» **Your task**
With any pictures left out, restate word for word the lines in the listing below from the one holding "ЛЕГКО DIY FIT" through the last.

» **The data**
★ ★ ★

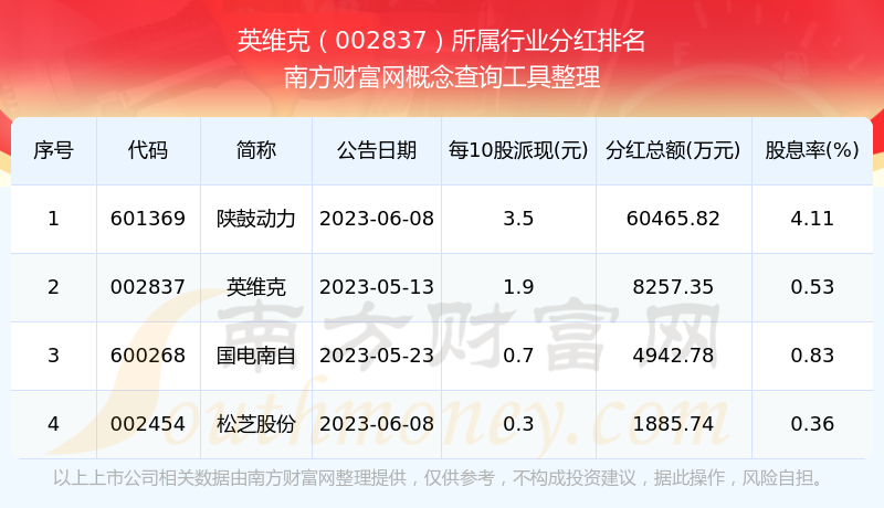 按照南方財(cái)富網(wǎng)趨勢(shì)選股系統(tǒng)統(tǒng)計(jì),英維克所屬行業(yè)為溫控設(shè)備行業(yè),溫控設(shè)備行業(yè)分紅排名情況如下表:
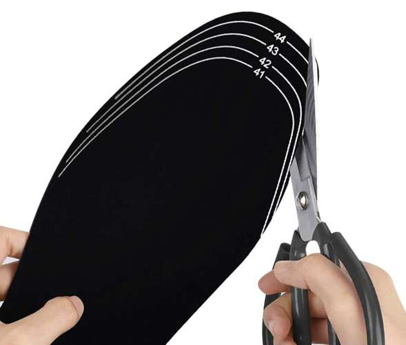 ЛЕГКО DIY FIT - просто виріжте їх до потрібного розміру з боку пальців. Ви можете легко підібрати розмір устілки до свого розміру взуття. Лінію різу та розмір видно на вставці.
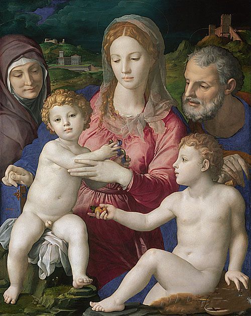 布隆基诺《圣家庭与圣施洗约翰》作品介绍:外文名Holy Family with St. Anne and the Infant St. John;画板,油彩oil on panel;纵126.8厘米,横101.5厘米;作于1545 - 1546 年;藏于奥地利维也纳艺术史博物馆 Kunsthistorisches Museum, Vienna。

★ ★ ★

» **Expected answer**
 ЛЕГКО DIY FIT - просто виріжте їх до потрібного розміру з боку пальців. Ви можете легко підібрати розмір устілки до свого розміру взуття. Лінію різу та розмір видно на вставці.
 布隆基诺《圣家庭与圣施洗约翰》作品介绍:外文名Holy Family with St. Anne and the Infant St. John;画板,油彩oil on panel;纵126.8厘米,横101.5厘米;作于1545 - 1546 年;藏于奥地利维也纳艺术史博物馆 Kunsthistorisches Museum, Vienna。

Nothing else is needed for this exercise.